Среди тех, кто посещал класс военных наук, были Пущин и Вольховский.
Но большинство воспитанников предпочитало военной службе штатскую.
Горчаков, Ломоносов, Корсаков, Юдин, Гревениц решили идти «по дипломатике». Горчаков кроме французского и немецкого принялся за языки итальянский и английский. Он писал дядюшке, что их директор Энгельгардт, который долгое время служил в дипломатическом корпусе, помогает им готовиться к служебной карьере. Он раздобыл для них переписку берлинского и русского двора, будет учить их писать депеши, вести журнал, делать конверты без ножниц, различной формы пакеты и прочее, «…словом, будто мы в настоящей службе».
Моденька Корф и Лиса-Комовский тоже решили идти в чиновники. Кюхельбекер и на этот раз многих удивил. Он заявил решительно, что поедет школьным учителем куда-нибудь в провинцию. Дельвиг ещё толком не знал, куда определиться. Пока что собирался он к родным в Кременчуг.
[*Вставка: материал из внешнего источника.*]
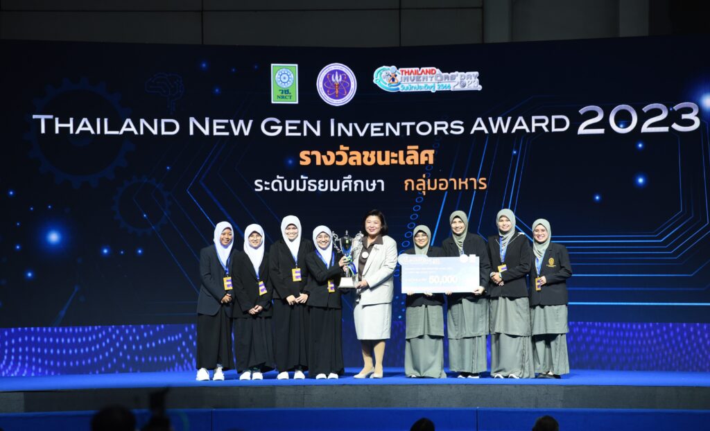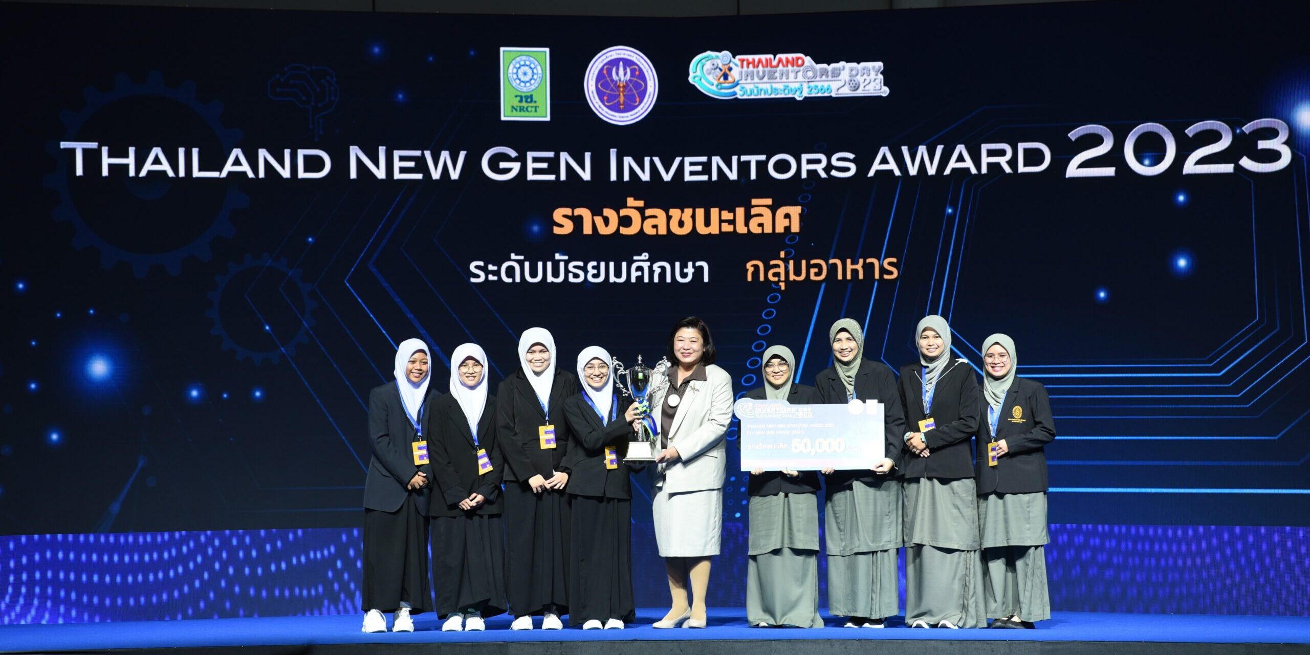 เมื่อวันที่ 6 กุมภาพันธ์ 2566 ที่ผ่านมา สำนักงานการวิจัยแห่งชาติ (วช.) กระทรวงการอุดมศึกษา วิทยาศาสตร์ วิจัย และนวัตกรรม (อว.) มอบรางวัลสิ่งประดิษฐ์ระดับเยาวชน Thailand New Gen Inventors Award : I-New Gen Award 2023 ระดับมัธยมศึกษา รางวัลชนะเลิศ ด้านอาหาร ให้กับผลงาน “ผลิตภัณฑ์ผงกำจัดพยาธิในอาหารจากใบข่าอ่อนธรรมชาติ (Boega)” จากโรงเรียนธรรมวิทยามูลนิธิยะลา จังหวัดยะลา ในพิธีปิดงานวันนักประดิษฐ์ ประจำปี 2566 ณ ศูนย์นิทรรศการ และการประชุมไบเทค บางนา กรุงเทพฯ

А Пушкин? Как он решил свою судьбу? В голове его бродили гусарские мечты. Он пойдёт в гусары, непременно в гусары. Там столько друзей… И почему бы не пойти? Он здоров, силён, ловок. Прекрасно ездит верхом. По фехтованию у Вальвиля он один из первых. Но без согласия отца ничего нельзя решить.
Сергей Львович сына выслушал, но согласия не дал. Отца поддержали родные и друзья. Все в один голос отговаривали идти в военную службу. Отговаривал дядюшка Василий Львович.
Пушкин сдался не сразу.
С дядей спорил в стихах.
Скажи, парнасский мой отец,
Неужто верных муз любовник
Не может важный быть певец
И вместе гвардии полковник?
Ужели тот, кто иногда
Жжёт ладан Аполлону даром,
За честь не смеет без стыда
Жечь порох на войне с гусаром…
Ты скажешь: «Перестань, болтун!
Будь человек, а не драгун;
Парады, караул, ученья —
Всё это оды не внушит,
А только душу иссушит…»
Гусаром ему не бывать. Друзья не советуют, и родные против. Отец решительно отказался содержать его в конной гвардии: велики расходы. Заявил: «Ежели так уж неймётся, пусть идёт в армию».
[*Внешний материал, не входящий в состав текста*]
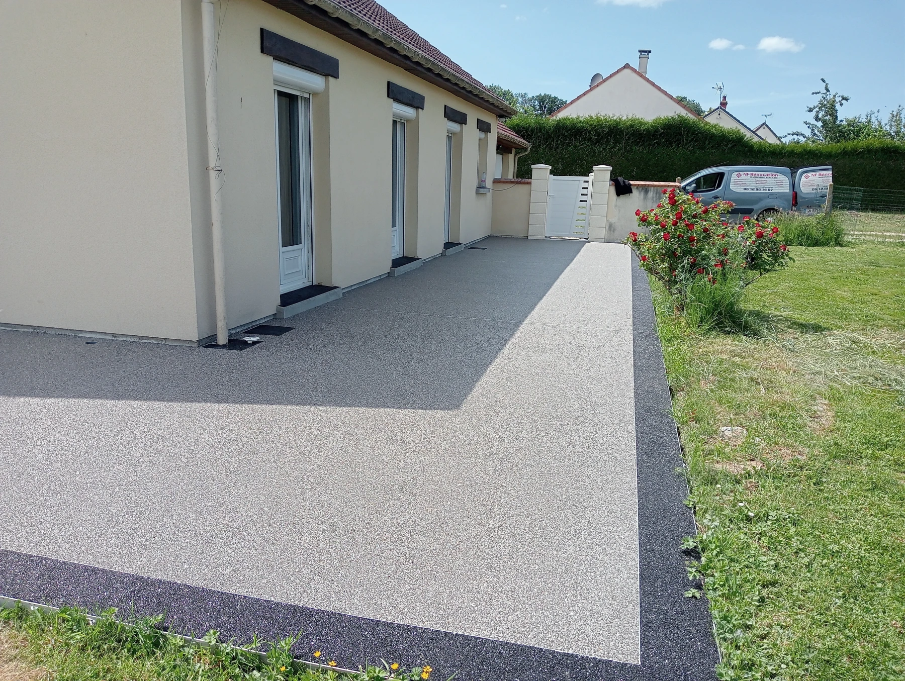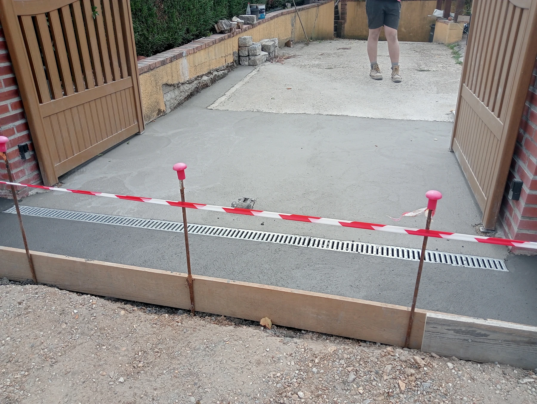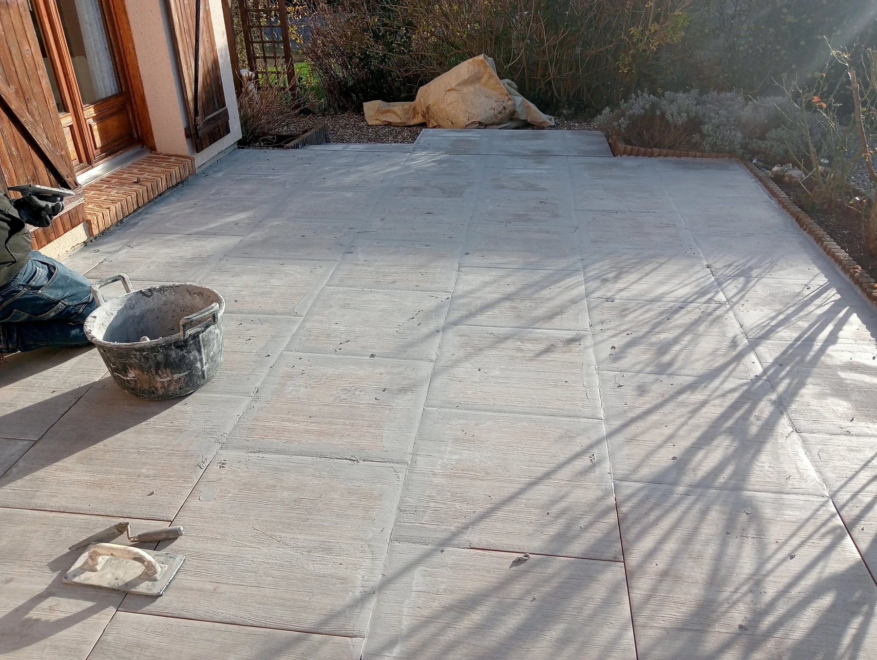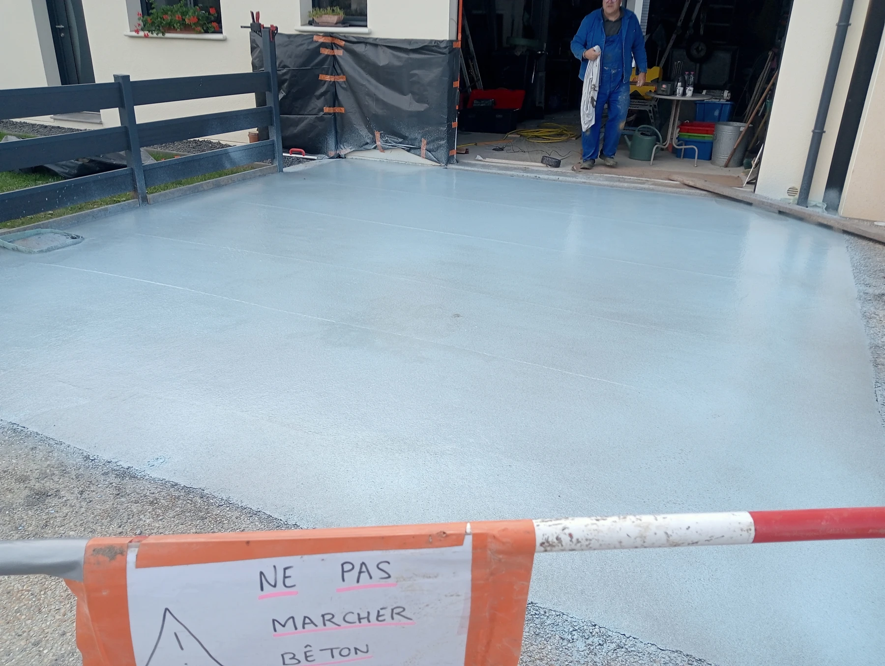 travaux de béton désactivé sur une entrée carrossable et terrasse

Просто в армию Пушкин не хотел. Он хотел в гусары. Ну а если не судьба, будь что будет.
Теперь по вечерам в лицейском зале только и толковали, что о будущем выпуске.
А выпуск приближался. Это чувствовалось во всём. В декабре 1816 года впервые за все годы им разрешили на целую неделю, на все рождественские каникулы, уехать к родным в Петербург.
За Пушкиным приехал отец, и они укатили.
Родители жили в Коломне — неприглядной отдалённой части Петербурга, но и она показалась лицейскому затворнику чуть ли не райским уголком.
Стремительно взбежал он на второй этаж большого каменного дома на Фонтанке и очутился в объятиях сестры, бабушки, няни Арины Родионовны. Его обнимали, целовали, поворачивали, разглядывали. В этот вечер он заснул в совершенном упоении.
Планов было множество: навестить Жуковского и других друзей, побывать в театре, побродить по городу.
К Жуковскому он отправился на следующее же утро. Не застал его дома, оставил записку и книги, которые Василий Андреевич привозил им с Кюхлей в Лицей. В шутливой записке Пушкин написал по-французски:
«Мы возвращаем вам Вольтера… И сверх того г-н Кюхельбекер посылает вам 4 тома „Амфиона“[21]. Очень благодарен от себя. Мой милый господин Жуковский, надеюсь, что завтра я буду иметь удовольствие видеться с вами.
Встречи с друзьями, прогулки, театр… Недели как не бывало.
В первый день января 1817 года у дома на Фонтанке, где жили Пушкины, стоял нанятый извозчик: гостя провожали обратно в Лицей.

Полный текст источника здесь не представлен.